PG-1349 Prevent LWLock deadlocks from happening

Instead of trying to fix every case where we could throw an error and
handling that properly we just make sure to disable the error capture
of the hook while our backend holds the lock.

We keep the check for IsSystemOOM() in the hook even though that might
not be relevant anymore because if we are in OOM it is not like there
would be any point to log the error anyway.

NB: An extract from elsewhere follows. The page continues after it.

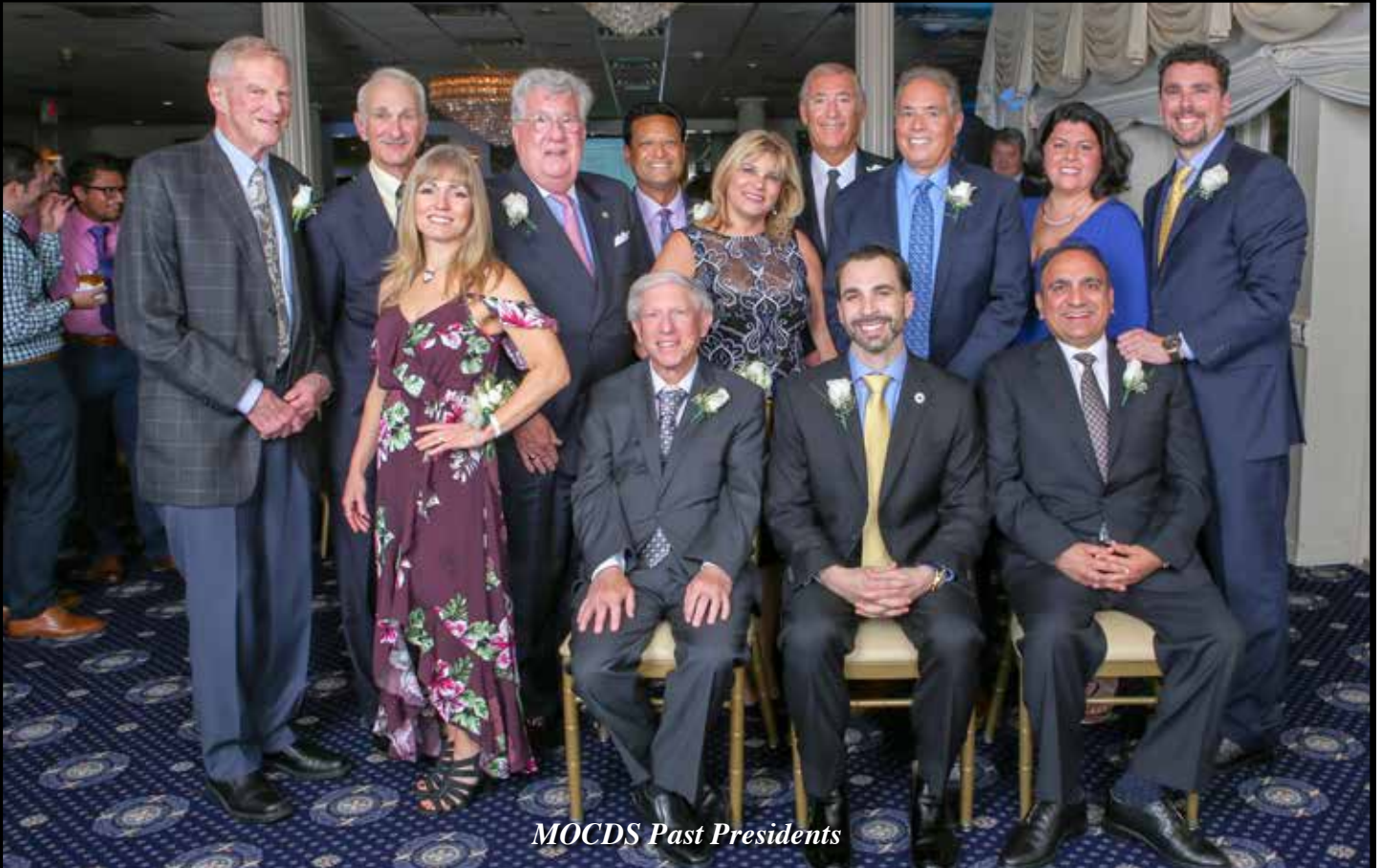
MOCDS Past Presidents

This is done via a global variable, similar to the
__pgsm_do_not_capture_error variable that we are replacing, which we
also use in one place to disable recursive calls to the log hook
where we do not hold the lock.

A potential future improvement would be to make this variable a counter,
or have two separate globals, so that we could guard against recursive
calls to the hook running us out of stack and not just prevent the
deadlocks.
This commit is contained in:
Andreas Karlsson
2025-02-20 11:07:55 +01:00
parent fd43b75153
commit 4ebb3d1f36
2 changed files with 63 additions and 65 deletions

View File

@@ -112,31 +112,6 @@
/* Update this if need a enum GUC with more options. */
#define MAX_ENUM_OPTIONS 6
/*
* API for disabling error capture ereport(ERROR,..) by PGSM's error capture hook
* pgsm_emit_log_hook()
*
* Use these macros as follows:
* PGSM_DISABLE_ERROR_CAPUTRE();
* {
* ... code that might throw ereport(ERROR) ...
* }PGSM_END_DISABLE_ERROR_CAPTURE();
*
* These macros can be used to error recursion if the error gets
* thrown from within the function called from pgsm_emit_log_hook()
*/
extern volatile bool __pgsm_do_not_capture_error;
#define PGSM_DISABLE_ERROR_CAPUTRE() \
do { \
__pgsm_do_not_capture_error = true
#define PGSM_END_DISABLE_ERROR_CAPTURE() \
__pgsm_do_not_capture_error = false; \
} while (0)
#define PGSM_ERROR_CAPTURE_ENABLED \
__pgsm_do_not_capture_error == false
/*
* pg_stat_monitor uses the hash structure to store all query statistics
* except the query text, which gets stored out of line in the raw DSA area.